My first ACR Annual Meeting! (ACR18)

I went to the American College of Rheumatology Annual Meeting this past weekend!

It was a bit of a rush to get there. I only found out that it was happening on Friday, and when I learned it was in Chicago, I knew I couldn’t waste the opportunity to go. It was awesome to get to see the most cutting edge research in rheumatology right now and be able to hear it directly from the researchers. I also made some really cool connections with the Arthritis Foundation.

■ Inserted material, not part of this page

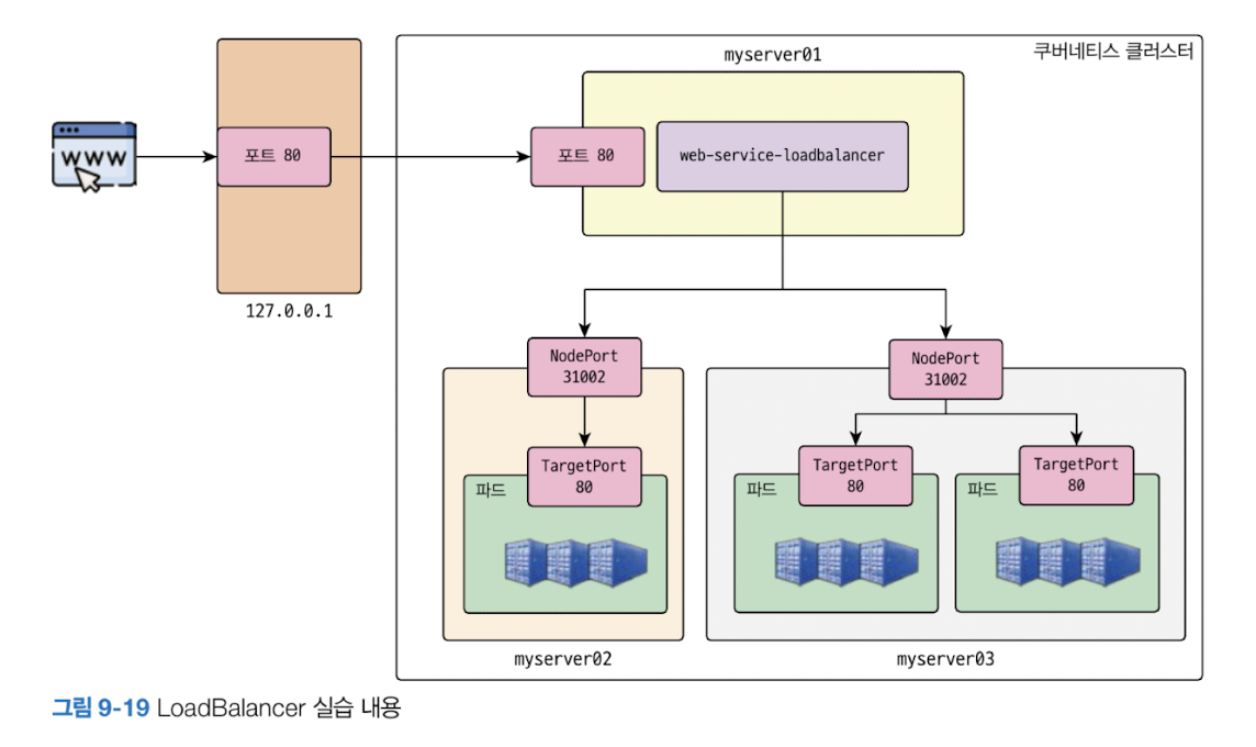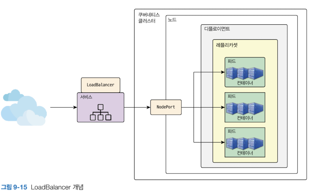 -> LoadBalancer를 활용하면 cluster 외부에서도 cluster 내부에 존재하는 pod에 접근 가능

Here’s some of the coolest stuff I learned at the conference.

Research

A quick look at some conclusions I found cool from the research poster sessions (mostly spondylitis-related):

Female gender was the strongest factor associated with a larger diagnostic delay in spondyloarthritis patients (not much of a surprise for me).

Online self-referral to rheumatologists for spondyloarthritis is somewhat effective and may help reduce diagnostic delays.

Depression and anxiety don’t seem to influence treatment outcomes in ankylosing spondylitis.

There are a lot of biosimilars that are almost here! Biosimilars are kind of like a generic form of biologic drugs, and they should lower costs of using arthritis medications. They’re in the works for rheumatoid arthritis, spondyloarthritis, psoriatic arthritis, and more!

Most important takeaway: There’s a lot of exciting research going on! Things that will reduce diagnostic delay and cost of treatment are exciting for me as a patient.

Sessions

The most interesting session that I went to was about fibromyalgia in patients with rheumatoid arthritis, spondyloarthritis, and Sjogren’s syndrome, with talks given by Drs. Neil Basu, Lianne Gensler, and Frederick Vivino, respectively.

Unfortunately, it’s sometimes hard to tell if pain is from joint inflammation or fibromyalgia (especially with spondyloarthritis, which doesn’t have many objective markers). However, it’s been established that fibromyalgia rates range from 15 to 30% in these patients (1-5% is normal for the general population). 

In fact, Dr. Basu is proposing a new way of thinking of fibromyalgia, possibly as two different types. The first type, primary fibromyalgia, is the classic disease, where pain precedes cause. The second type is what Dr. Basu is studying in patients with RA: a type that seems to be caused by chronic pain, and can even be treated by getting rid of the underlying pain. Both proposed types have the same patterns on brain scans, but the patients with secondary fibromyalgia showed decreases in abnormalities on brain scans when the source of the pain was lessened (when their RA was treated).

There have been many fewer studies done on fibromyalgia and spondyloarthritis, but there were some important takeaways. Women are more likely to have coexisting spondyloarthritis and fibromyalgia, and patients with both these conditions are less likely to have the genetic marker HLA-B27 that’s associated with spondyloarthritis. Interestingly, it’s also known that women with spondyloarthritis are less likely to have HLA-B27, so is there a connection here? Research in these areas is needed. I was also really excited when Dr. Gensler stressed validating patient experiences in her treatment steps!

Most important takeaway: Anti-TNF therapy can help patients with both arthritis and fibromyalgia improve their fibromyalgia symptoms as well.

Exhibitions

The exhibitions were interesting. I got to see where some of the money I’ve sent to big pharma has gone. Did you want a giant tree in the middle of the exhibition hall? Don’t worry, Novartis has you covered. Want to feel like you’re at a street cafe, instead of inside a Chicago convention center? Lilly can do that for you, complete with food and fake plants. Would you rather relax next to a hypnotizing water display? Pfizer can help you with that, while you eat their free rolled ice cream. Not to mention the complimentary VR, golf, photos, pumpkin cobbler, all kinds of caffeine, cookies, frozen yogurt, croissants, cannolis… And if I’d wanted, I could have gotten dinner from them too, at the fancy symposia the companies held in the evenings.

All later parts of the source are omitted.